**RECORDS FOR THE EXERCISE:**

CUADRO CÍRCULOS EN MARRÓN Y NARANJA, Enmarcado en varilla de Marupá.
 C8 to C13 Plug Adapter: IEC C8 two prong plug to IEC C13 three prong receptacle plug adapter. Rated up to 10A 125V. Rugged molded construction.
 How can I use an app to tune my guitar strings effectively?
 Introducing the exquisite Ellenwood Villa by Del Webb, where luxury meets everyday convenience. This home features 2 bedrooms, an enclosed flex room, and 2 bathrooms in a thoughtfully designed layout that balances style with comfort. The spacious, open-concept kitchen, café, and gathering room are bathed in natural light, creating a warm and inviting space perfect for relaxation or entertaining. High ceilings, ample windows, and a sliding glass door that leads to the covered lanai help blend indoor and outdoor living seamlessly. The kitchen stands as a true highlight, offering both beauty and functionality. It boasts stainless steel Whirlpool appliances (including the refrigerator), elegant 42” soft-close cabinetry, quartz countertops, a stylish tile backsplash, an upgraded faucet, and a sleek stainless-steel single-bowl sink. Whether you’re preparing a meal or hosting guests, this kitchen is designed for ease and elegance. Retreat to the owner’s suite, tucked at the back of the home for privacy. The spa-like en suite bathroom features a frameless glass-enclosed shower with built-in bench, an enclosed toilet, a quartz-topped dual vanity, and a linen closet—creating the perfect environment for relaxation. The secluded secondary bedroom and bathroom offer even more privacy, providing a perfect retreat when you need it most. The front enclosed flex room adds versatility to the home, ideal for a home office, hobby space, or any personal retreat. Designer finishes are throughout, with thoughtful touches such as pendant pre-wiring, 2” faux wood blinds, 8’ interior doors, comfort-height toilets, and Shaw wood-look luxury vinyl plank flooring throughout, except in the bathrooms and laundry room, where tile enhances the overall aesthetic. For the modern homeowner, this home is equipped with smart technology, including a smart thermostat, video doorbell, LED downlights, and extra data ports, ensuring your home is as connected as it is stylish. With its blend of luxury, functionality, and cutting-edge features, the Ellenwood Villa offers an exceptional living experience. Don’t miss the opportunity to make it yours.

* * *

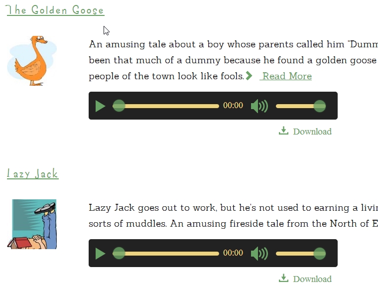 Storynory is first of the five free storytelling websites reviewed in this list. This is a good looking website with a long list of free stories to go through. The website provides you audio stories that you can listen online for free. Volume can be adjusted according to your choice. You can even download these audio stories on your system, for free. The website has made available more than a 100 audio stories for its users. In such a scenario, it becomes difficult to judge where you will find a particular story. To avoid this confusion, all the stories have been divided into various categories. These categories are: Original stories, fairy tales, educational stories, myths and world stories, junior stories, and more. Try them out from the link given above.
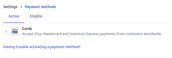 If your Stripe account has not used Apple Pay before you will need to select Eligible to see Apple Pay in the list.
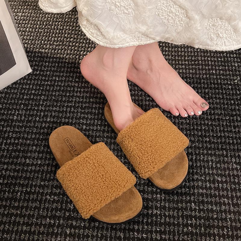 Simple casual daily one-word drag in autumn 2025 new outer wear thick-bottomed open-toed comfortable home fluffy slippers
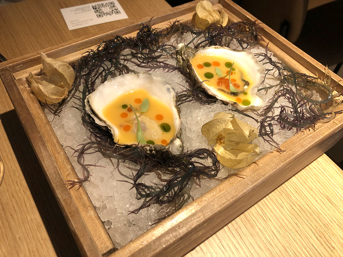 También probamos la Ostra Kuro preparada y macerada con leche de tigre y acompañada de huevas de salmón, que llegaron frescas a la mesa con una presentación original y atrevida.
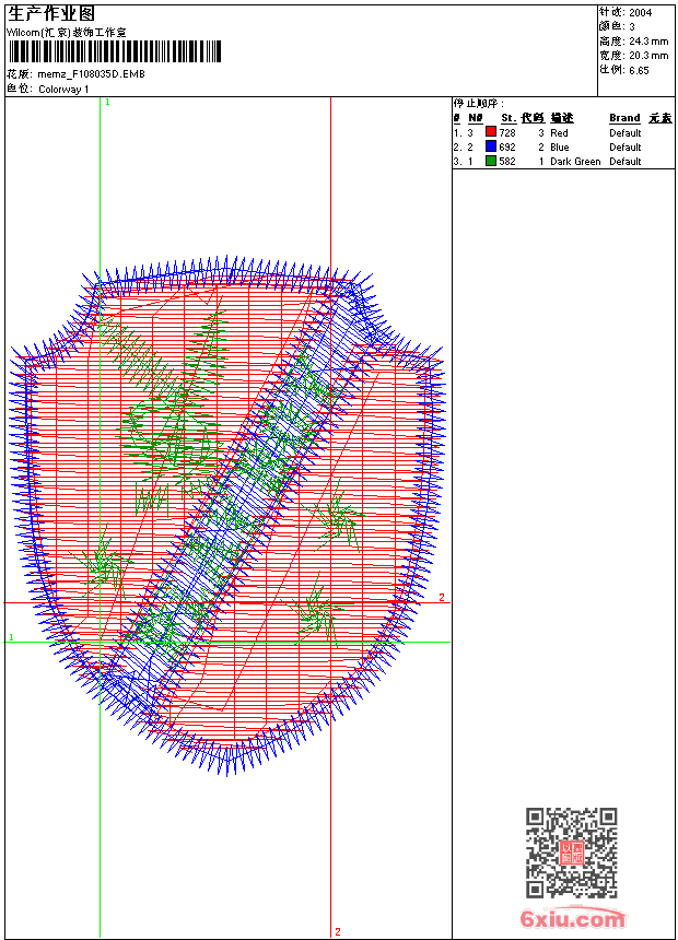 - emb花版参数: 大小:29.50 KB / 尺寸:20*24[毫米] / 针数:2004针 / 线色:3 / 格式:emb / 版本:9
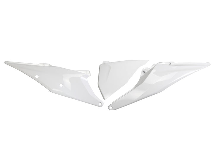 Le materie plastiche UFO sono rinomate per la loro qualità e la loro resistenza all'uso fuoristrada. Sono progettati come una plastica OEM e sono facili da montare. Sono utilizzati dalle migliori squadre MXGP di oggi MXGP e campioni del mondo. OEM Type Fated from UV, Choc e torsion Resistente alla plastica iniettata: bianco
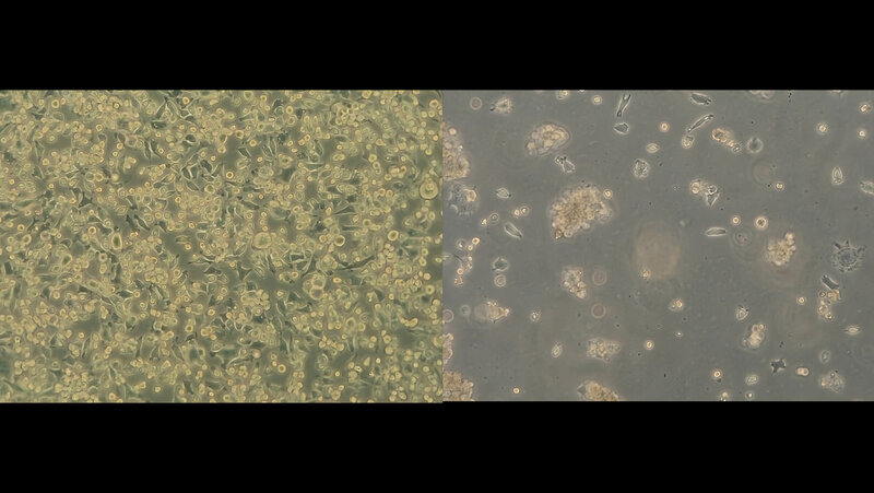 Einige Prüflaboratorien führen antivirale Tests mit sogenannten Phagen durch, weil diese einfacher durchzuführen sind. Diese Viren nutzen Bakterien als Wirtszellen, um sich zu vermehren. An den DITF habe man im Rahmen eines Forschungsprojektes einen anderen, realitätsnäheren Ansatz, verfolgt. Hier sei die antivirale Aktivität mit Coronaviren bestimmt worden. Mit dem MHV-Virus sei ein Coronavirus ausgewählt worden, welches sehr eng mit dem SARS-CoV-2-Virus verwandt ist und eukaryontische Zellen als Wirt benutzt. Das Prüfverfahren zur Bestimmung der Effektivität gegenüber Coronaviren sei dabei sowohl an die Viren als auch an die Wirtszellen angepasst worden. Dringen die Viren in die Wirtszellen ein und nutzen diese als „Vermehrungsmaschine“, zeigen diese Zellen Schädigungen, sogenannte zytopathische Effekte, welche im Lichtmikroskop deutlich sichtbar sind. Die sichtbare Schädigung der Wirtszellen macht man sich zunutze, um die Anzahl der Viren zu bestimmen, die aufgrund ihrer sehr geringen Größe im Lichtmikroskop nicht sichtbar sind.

**EXERCISE INSTRUCTIONS:** Using the material above, reproduce only the lines that run from the line with "- emb花版参数: 大小:29.50" up to and including the line with "Le materie plastiche", exactly, with the pictures dropped.

**ANSWER SPACE:**
 - emb花版参数: 大小:29.50 KB / 尺寸:20*24[毫米] / 针数:2004针 / 线色:3 / 格式:emb / 版本:9
 Le materie plastiche UFO sono rinomate per la loro qualità e la loro resistenza all'uso fuoristrada. Sono progettati come una plastica OEM e sono facili da montare. Sono utilizzati dalle migliori squadre MXGP di oggi MXGP e campioni del mondo. OEM Type Fated from UV, Choc e torsion Resistente alla plastica iniettata: bianco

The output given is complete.